Dataset content =
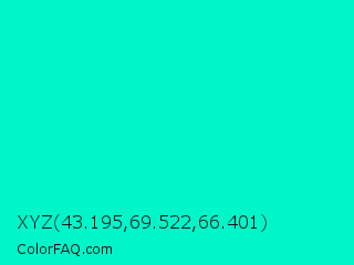 XYZ 43.195,69.522,66.401 Color is a normal cyan color and the nearest color is Bright Turquoise #08e8de. Hex code #00f5c9 and RGB value is rgb(0,245,201). In RGB color space, this color is composed of 0% red, 96% green, 79% blue, In CMYK color space, this color is composed of 100% cyan, 0% magenta, 18% yellow , 4% black , In HSL color space, this color has a hue angle of 169° , 100% saturation and 48% lightness.
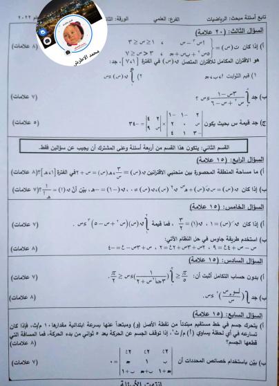 ونرفق لكم أجوبة إجابات امتحان الرياضيات الورقة الثانية الفرع العلمي للثانوية العامة توجيهي فلسطين 2022 بالإضافة إلى أسئلة الامتحان الذي يعتبر من أصعب الاختبارات للفرع العلمي من التوجيهي.
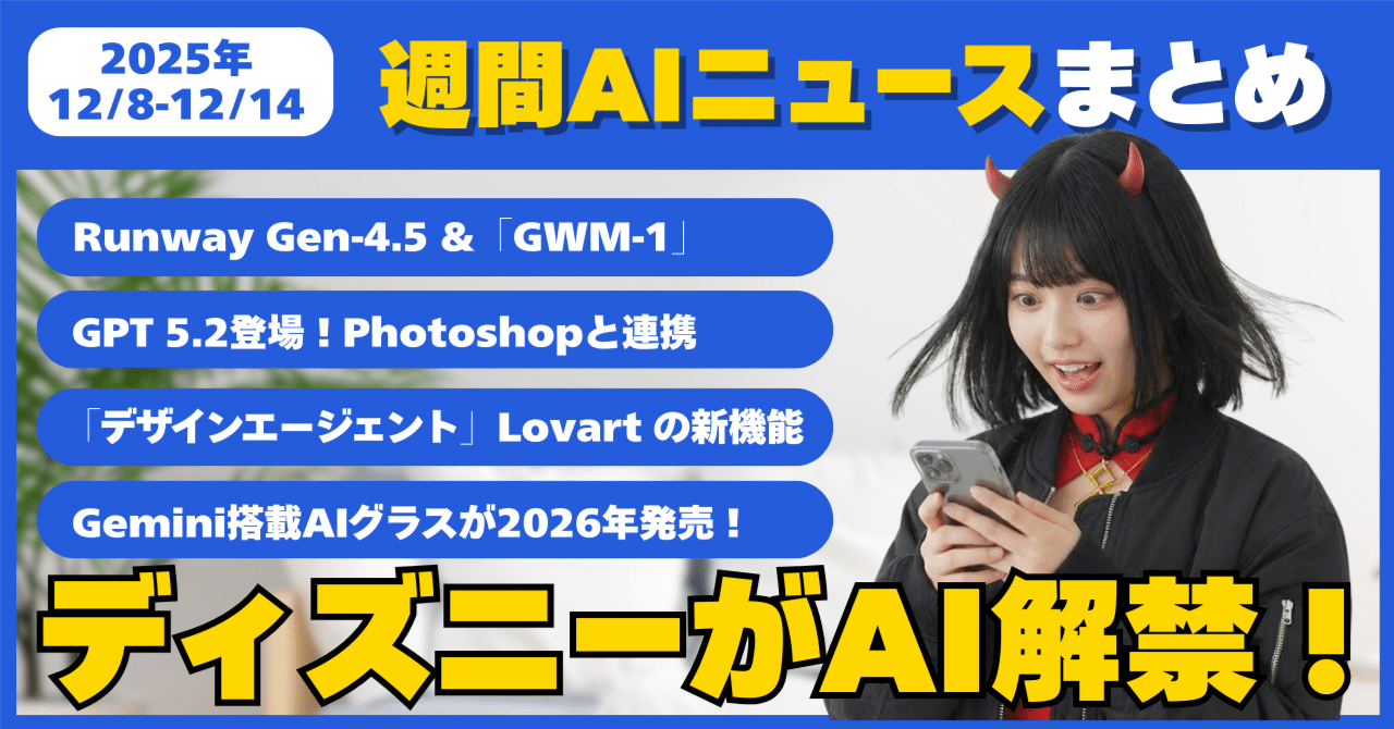 ディズニーがSora解禁!GPT-5.2発表から「PCデータ消失」の衝撃ニュースまで【週刊AIニュース】

Problem description =
Return the whole of the material above exactly, with no picture carried over.

Result of this task =
 XYZ 43.195,69.522,66.401 Color is a normal cyan color and the nearest color is Bright Turquoise #08e8de. Hex code #00f5c9 and RGB value is rgb(0,245,201). In RGB color space, this color is composed of 0% red, 96% green, 79% blue, In CMYK color space, this color is composed of 100% cyan, 0% magenta, 18% yellow , 4% black , In HSL color space, this color has a hue angle of 169° , 100% saturation and 48% lightness.
 ونرفق لكم أجوبة إجابات امتحان الرياضيات الورقة الثانية الفرع العلمي للثانوية العامة توجيهي فلسطين 2022 بالإضافة إلى أسئلة الامتحان الذي يعتبر من أصعب الاختبارات للفرع العلمي من التوجيهي.
 ディズニーがSora解禁!GPT-5.2発表から「PCデータ消失」の衝撃ニュースまで【週刊AIニュース】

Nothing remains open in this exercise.